**ACTION ITEM:** From top to bottom, return the listing exactly as it appears, omitting its images.

**DATA EXTRACT:**
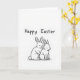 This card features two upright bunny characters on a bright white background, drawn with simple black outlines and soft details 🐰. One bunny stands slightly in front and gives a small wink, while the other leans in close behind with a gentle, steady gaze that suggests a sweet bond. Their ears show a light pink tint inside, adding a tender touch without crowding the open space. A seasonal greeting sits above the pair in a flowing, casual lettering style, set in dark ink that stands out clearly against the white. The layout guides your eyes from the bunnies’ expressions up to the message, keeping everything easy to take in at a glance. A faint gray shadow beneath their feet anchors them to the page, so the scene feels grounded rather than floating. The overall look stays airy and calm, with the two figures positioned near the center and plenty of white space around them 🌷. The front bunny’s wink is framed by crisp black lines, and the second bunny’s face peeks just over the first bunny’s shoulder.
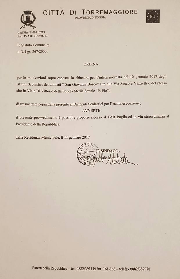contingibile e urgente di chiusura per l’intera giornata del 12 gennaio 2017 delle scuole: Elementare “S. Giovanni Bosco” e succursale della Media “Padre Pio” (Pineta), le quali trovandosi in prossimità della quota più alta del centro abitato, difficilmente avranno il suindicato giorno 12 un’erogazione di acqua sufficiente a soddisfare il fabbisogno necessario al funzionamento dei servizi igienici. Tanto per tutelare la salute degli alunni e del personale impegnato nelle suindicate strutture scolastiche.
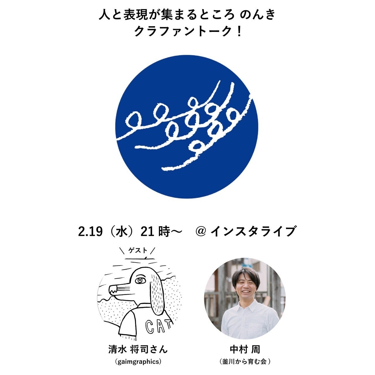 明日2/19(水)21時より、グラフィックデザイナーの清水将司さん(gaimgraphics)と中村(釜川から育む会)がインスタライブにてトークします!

**RESULT OF THIS TASK:**
 This card features two upright bunny characters on a bright white background, drawn with simple black outlines and soft details 🐰. One bunny stands slightly in front and gives a small wink, while the other leans in close behind with a gentle, steady gaze that suggests a sweet bond. Their ears show a light pink tint inside, adding a tender touch without crowding the open space. A seasonal greeting sits above the pair in a flowing, casual lettering style, set in dark ink that stands out clearly against the white. The layout guides your eyes from the bunnies’ expressions up to the message, keeping everything easy to take in at a glance. A faint gray shadow beneath their feet anchors them to the page, so the scene feels grounded rather than floating. The overall look stays airy and calm, with the two figures positioned near the center and plenty of white space around them 🌷. The front bunny’s wink is framed by crisp black lines, and the second bunny’s face peeks just over the first bunny’s shoulder.
contingibile e urgente di chiusura per l’intera giornata del 12 gennaio 2017 delle scuole: Elementare “S. Giovanni Bosco” e succursale della Media “Padre Pio” (Pineta), le quali trovandosi in prossimità della quota più alta del centro abitato, difficilmente avranno il suindicato giorno 12 un’erogazione di acqua sufficiente a soddisfare il fabbisogno necessario al funzionamento dei servizi igienici. Tanto per tutelare la salute degli alunni e del personale impegnato nelle suindicate strutture scolastiche.
 明日2/19(水)21時より、グラフィックデザイナーの清水将司さん(gaimgraphics)と中村(釜川から育む会)がインスタライブにてトークします!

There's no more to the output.